Hubbard model

The Hubbard model (after the British physicist John Hubbard ) is a roughly approximate model of a solid and is therefore of great importance in solid-state physics . It describes the behavior of electrons in a lattice assumed to be rigid . The repulsive Coulomb forces are only taken into account for those electrons that are at the same lattice location. The share of the kinetic energy of the electrons is modeled by an overlap integral that comes from the tight binding model. ${\ displaystyle t}$

The Hubbard model is the simplest model that can be used to study the interplay of kinetic energy, Coulomb repulsion , the Pauli principle and band structure . Despite its simple structure, it has not yet been possible to find the exact solution of this model, except in the limiting cases of one and infinitely many dimensions.

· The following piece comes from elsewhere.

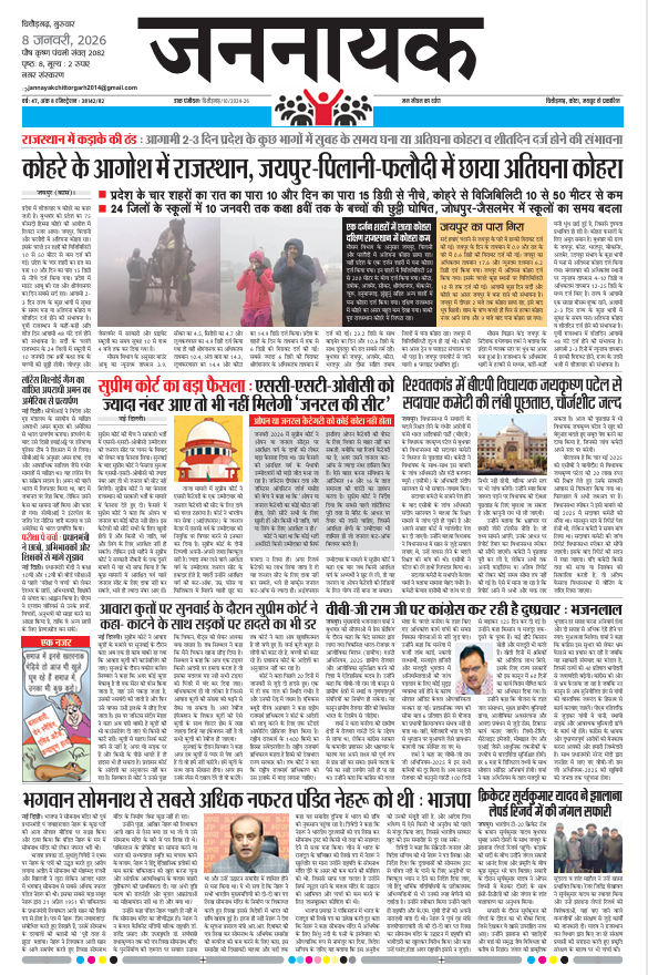 JaipurJannayak_Jaipur_08_comp admin2 months ago2 months ago01 mins Jannayak_Jaipur_08_comp Post navigation Previous: JANNAYAK_KOTA_08_compNext: Jannayak_Chitor_08_compr Leave a Reply Cancel replyYour email address will not be published. Required fields are marked *Comment * Name * Email * Website Save my name, email, and website in this browser for the next time I comment.

It is discussed e.g. B. in connection with

Properties of electrons that are relatively strongly localized ;
Tape magnetism (Fe, Co, Ni ...);
Metal-insulator junction ;
High temperature superconductivity .

One variation approach to solving the Hubbard model is known as the Gutzwiller approximation .

formulation

The Hamilton operator for the Hubbard model is

{\ displaystyle H = U \ sum _ {i} c_ {i \ uparrow} ^ {\ dagger} c_ {i \ uparrow} c_ {i \ downarrow} ^ {\ dagger} c_ {i \ downarrow} -t \ sum _ {\ langle ij \ rangle, \ sigma} \ left (c_ {i \ sigma} ^ {\ dagger} c_ {j \ sigma} + c_ {j \ sigma} ^ {\ dagger} c_ {i \ sigma} \ right)}

It stands

the sum over for the summation over all grid locations,

{\ displaystyle i}

the sum over for the sum over all pairs of neighboring grid locations,

{\ displaystyle \ langle ij \ rangle}

the sum over for the summation over both spin directions and , ${\ displaystyle \ sigma}$ ${\ displaystyle \ uparrow}$ ${\ displaystyle \ downarrow}$

${\ displaystyle c_ {i, \ sigma} ^ {\ dagger}}$ and for the fermionic creation and annihilation operators of an electron at the lattice site with spin direction . ${\ displaystyle c_ {i, \ sigma}}$ ${\ displaystyle i}$ ${\ displaystyle \ sigma}$

{\ displaystyle U}

defines the strength of the Coulomb repulsion

{\ displaystyle t}

is calculated from the overlap of wave functions at neighboring grid locations.

The sum of the coulomb term determines the double occupied grid positions. Therefore, the value of can be determined at the respective location using the following integral: ${\ displaystyle U}$ ${\ displaystyle \ mathbf {x_ {i}}}$

{\ displaystyle U (\ mathbf {x_ {i}}) = \ int d ^ {3} \ mathbf {r_ {1}} \ int d ^ {3} \ mathbf {r_ {2}} \, \, \ left | \ Psi (\ mathbf {r_ {1} -x_ {i}}) \ right | ^ {2} {\ frac {e ^ {2}} {\ left | \ mathbf {r_ {1} -r_ { 2}} \ right |}} \ left | \ Psi (\ mathbf {r_ {2} -x_ {i}}) \ right | ^ {2}}

The sum for the hopping of the electrons means that it is only added over neighboring grid positions. In addition, the Pauli principle is automatically observed through the operator constellation. ${\ displaystyle \ langle ij \ rangle}$

Individual evidence

↑ HUBBARD, John. Electron correlations in narrow energy bands. In: Proceedings of the royal society of london a: mathematical, physical and engineering sciences. The Royal Society, 1963. pp. 238-257.

[1] HUBBARD, John. Electron correlations in narrow energy bands. In: Proceedings of the royal society of london a: mathematical, physical and engineering sciences. The Royal Society, 1963. pp. 238-257.